Ce travail apporte de nombreux éléments à l’étude de la mixité sociale dans un contexte de gentrification, mais présente deux importantes lacunes en n’analysant que les discours des gentrifieurs sans les confronter à leurs pratiques, et en ne prenant en compte que le point de vue des gentrifieurs. D. Rose reconnaît ce dernier point et appelle de ses vœux la poursuite du travail auprès des anciens habitants. Elle évoque, en outre, la mobilisation anti-gentrification dans les quartiers les plus pauvres, mais toujours du point de vue des gentrifieurs. Le premier point est plus problématique : l’absence de confrontation des discours avec les pratiques laisse entendre que les premiers sont le fidèle reflet des secondes, d’autant plus que les discours eux-mêmes sont analysés au premier degré. Ainsi, les « Nimbies » sont ceux qui affirment sans ambiguïté leur opposition au logement social, mais qu’en est-il des « tolérants » qui se disent avant tout attachés à la qualité architecturale de ces derniers : « ce ne sont pas les gens eux-mêmes qui vivent ici qui me gênent » (Rose, 2004, p. 20) ? Cela n’est pas considéré par l’auteur comme une dénégation, alors qu’il y a tout lieu de le penser, surtout quand la question de la construction de nouveaux logements sociaux émane uniquement de l’enquêteur, sans que cela ne renvoie à aucun projet concret en cours. C’est évidemment la confrontation avec les pratiques, et notamment avec la réaction des mêmes gentrifieurs à un éventuel projet réel, qui permettrait de mieux saisir la sincérité de ces discours.

Cette question du rapport que les gentrifieurs entretiennent avec les classes populaires traditionnellement présentes dans les quartiers qu’ils investissent est d’autant plus importante que de nombreuses politiques publiques à travers le monde se proposent de favoriser la mixité sociale, vue comme un idéal d’équilibre urbain à atteindre.
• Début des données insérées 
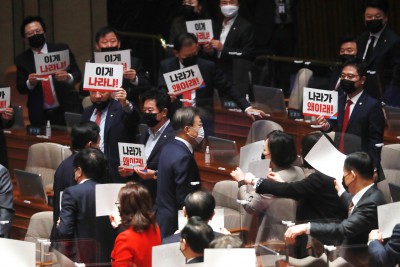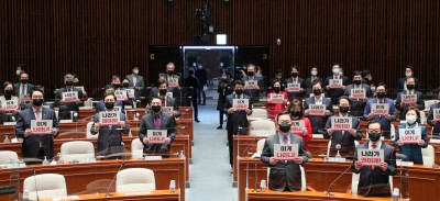 피켓 든 국민의힘 의원들 사이로 이동하는 문재인 대통령

Même bien intentionnées, ces politiques risquent de manquer leur but si elles méconnaissent la réalité du mélange social entre gentrifieurs et classes populaires. Ainsi, T. Slater (2005) a montré comment une telle politique avait mené le quartier de South Parkdale à Toronto à une situation de « tectonique sociale » ouvertement conflictuelle, dans laquelle la gentrification est un enjeu de lutte entre les anciens habitants modestes du quartier, les gentrifieurs qui s’y installent et la municipalité qui encourage cette installation.